SaltStack - Sistema de Controle de Acesso

Um sistema de controle de acesso fornece opções para um usuário de um grupo executar uma tarefa com permissões. Um sistema de controle de acesso Salt é usado para configurar o acesso a interfaces de controle não administrativas. Você pode aplicar este processo a todos os sistemas. Este controle ajuda os usuários não administrativos a executar os comandos do Salt.

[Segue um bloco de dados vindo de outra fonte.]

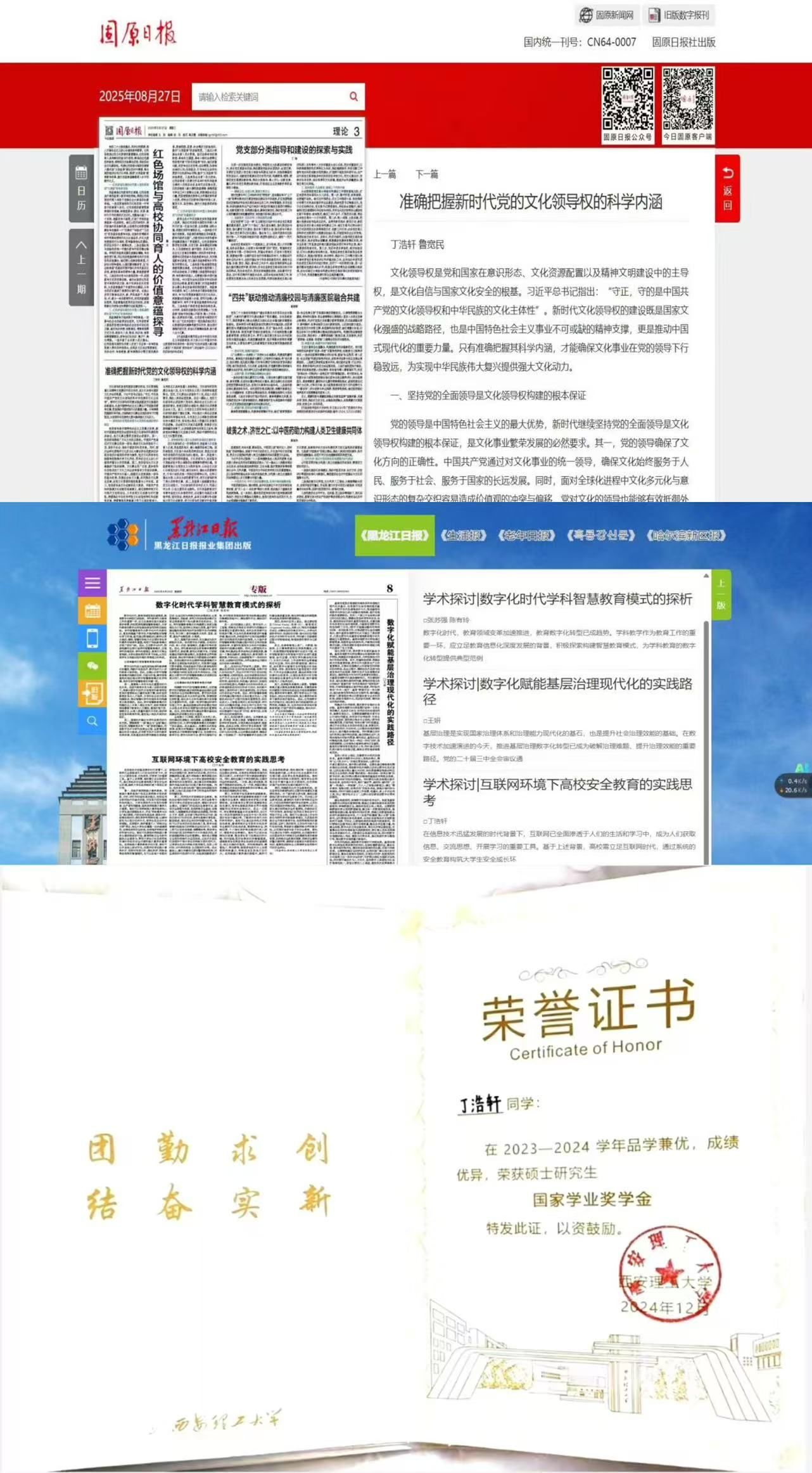 在学术科研的征程上,她始终秉持严谨求实的治学态度与开拓创新的探索精神,将课堂所学与理论研究紧密结合,关注时代课题,聚焦理论前沿,凭借扎实的理论功底和敏锐的问题意识,在省级报纸发表理论文章3篇,在地市级党报发表理论文章2篇。在专业学习上,刻苦勤奋,成绩始终名列前茅,曾获得研究生国家奖学金、国家学业奖学金、·公司学业奖学金,夯实了专业根基。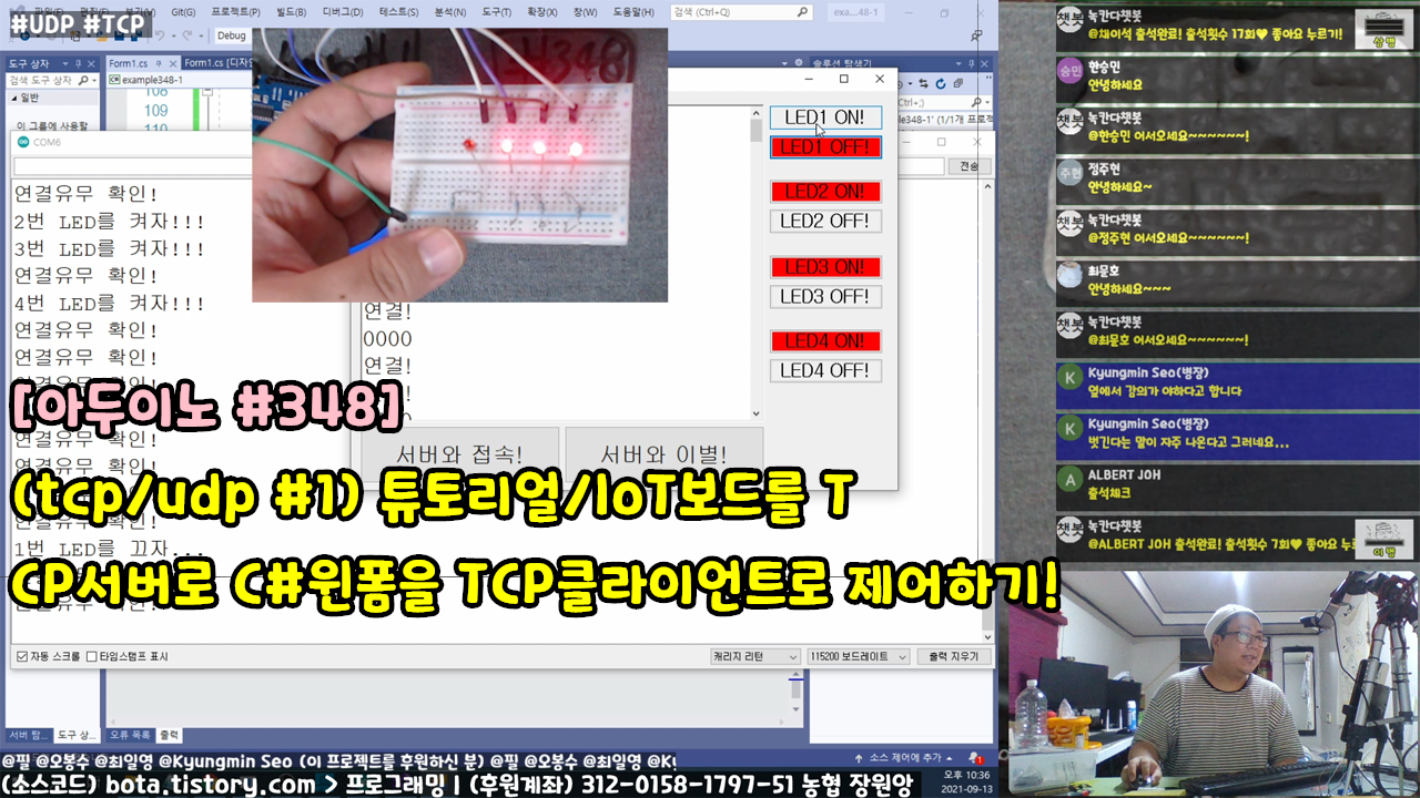 [아두이노#348] (tcp/udp #1) 튜토리얼/IoT보드를 TCP서버로 C#윈폼을 TCP클라이언트로 제어하기!(녹칸다/포로리야공대가자)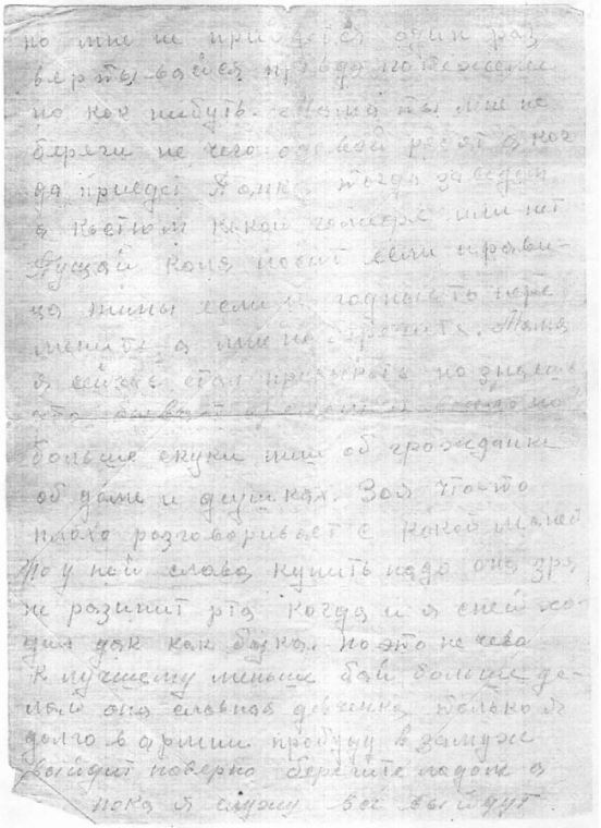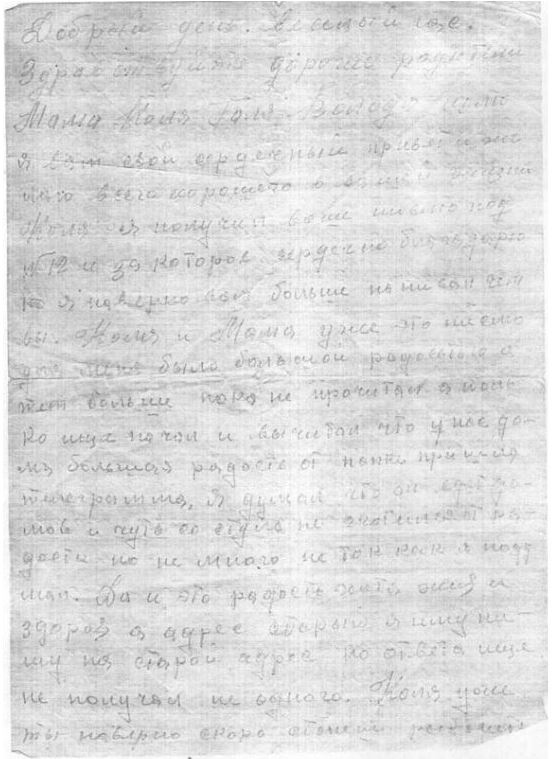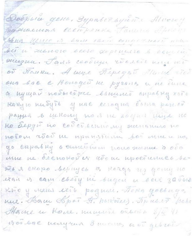 Добрый день. веселый час. Здравствуйте дорогие родители Мама Коля Галя Володя шлю я вам свой сердечный привет и желаю всего хорошего в вашей жизни Коля я получил ваше письмо под № 12 и за которое сердечно благодарю но я наверно сам больше написал чем вы. Коля и Мама уже это письмо для меня было большой радостью я же больше пока не прочитал а только еще начал и вычитал что у нас дома большая радость от папке пришла телеграмма. Я думал что он едет домой и чуть со стула не скотился от радости но не много не так как я подумал. Да и это радость хотя жив и здоров а адрес старый я иму пишу на старой адрес но ответа ище не получал не одного. Коля дом ты наверно скоро станешь рыбачить, но мне не придется один раз вертывайся правда по тяжелел но как нибудь. Мама ты мне не береги не чего одевай ребят а когда приедет Папка тогда заведем а костюм какой галифе или нет. Пущай Коля носит если нравица пимы если годные то юре мените а мне не берегите. Мама я сейчас стал привыкать но знаешь что бывает армейское веселье, но больше скуки пише об грожданке об доме и дедушках. Зоя что-то плохо разговаривает с кокой Маней Но у ней слова купить надо она зря не разинет рта когда и я с ней ходил дак как бука. Но это не чево К лучшему меньше бай больше делай она славная девченка только я долго в армии пробуду в замуж выйдит наверное берегите ладом а пока я служу все выйдут.

Interfaces de sal são dos seguintes três tipos -

  • Sistema ACL do editor
  • Sistema de autenticação externa
  • Sistema par

Vamos entender cada uma dessas interfaces em detalhes.

Sistema ACL do editor

Um sistema Publisher ACL permite acesso a outros usuários além do root para executar comandos Salt em lacaios do mestre. O sistema ACL do editor é configurado no arquivo de configuração principal por meio dopublisher_aclopção de configuração. É definido da seguinte forma -

publisher_acl:
   user1:
      - .*

   user2:
      - web*:
         - test.*
         - pkg.*

Aqui,

  • user1 tem permissão para executar qualquer coisa.

  • user2 tem permissão para usar test e pkg, mas apenas em minions “web *”.

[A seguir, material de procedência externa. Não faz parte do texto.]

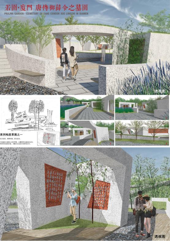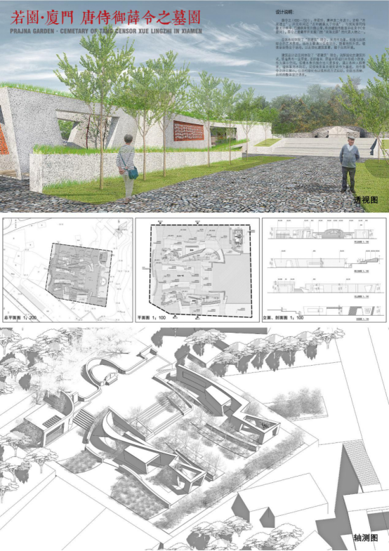 《若园·厦门、唐侍御薛令之墓园》项目以“弱建筑、若建筑”为理念。总体布局采用半地景,以此弱化建筑要素,融于自然,创造与自然结合的艺术景观,体现“弱建筑”的理念。设计语言则体现“若建筑”,将弧墙开洞或打开形成尺度多变,满足不同人群需求的多样空间。公厕和绿化也以弧形的方式组织,消解固化的建筑形式,创造出流畅、自然的建筑设计语言。(图1、2)项目主要完成人员有王绍森、陈宏、孙玲潇、徐一晴、雷雯。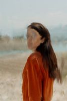 Abstract portret met de titel: "aan zee". Donkerharige vrouw in oranje jas met bruin/blauwe achtergrond.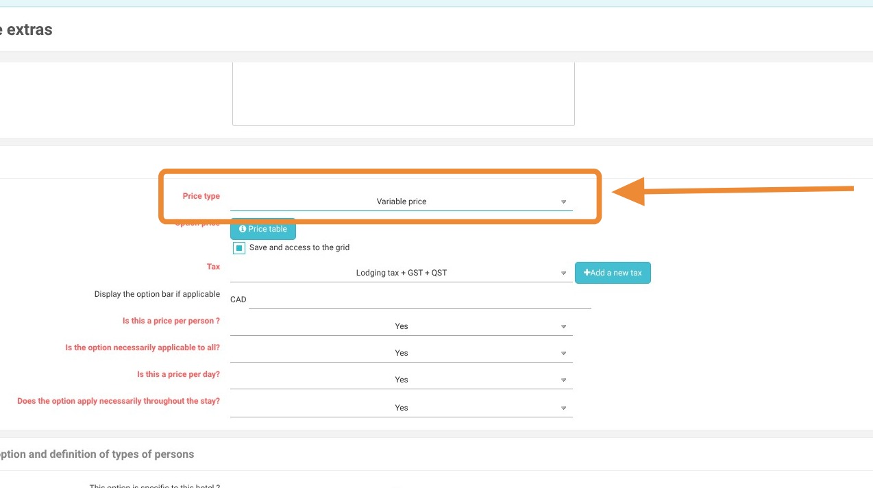 13. Impact on visibility depending on the type of stay: This setup directly controls the option's visibility on the booking engine:

Sistema de autenticação externo

o external auth system é usado para fornecer acesso para executar comandos salt em lacaios específicos através de um sistema de autorização externo como PAM, LDAP, etc. Este arquivo de configuração é definido no arquivo mestre conforme descrito abaixo.

external_auth:
   pam:
      user1:
         - 'web*':
            - test.*
            - network.*
      user2:
         - .*

Aqui,

  • user1 tem permissão para executar funções no test e network modules nos lacaios que combinam com o web* alvo.

  • user2 tem permissão para executar todas as funções.

Habilite o Sistema de Autenticação Externa no Comando

O servidor Salt fornece uma opção '–a' para habilitar a autenticação externa.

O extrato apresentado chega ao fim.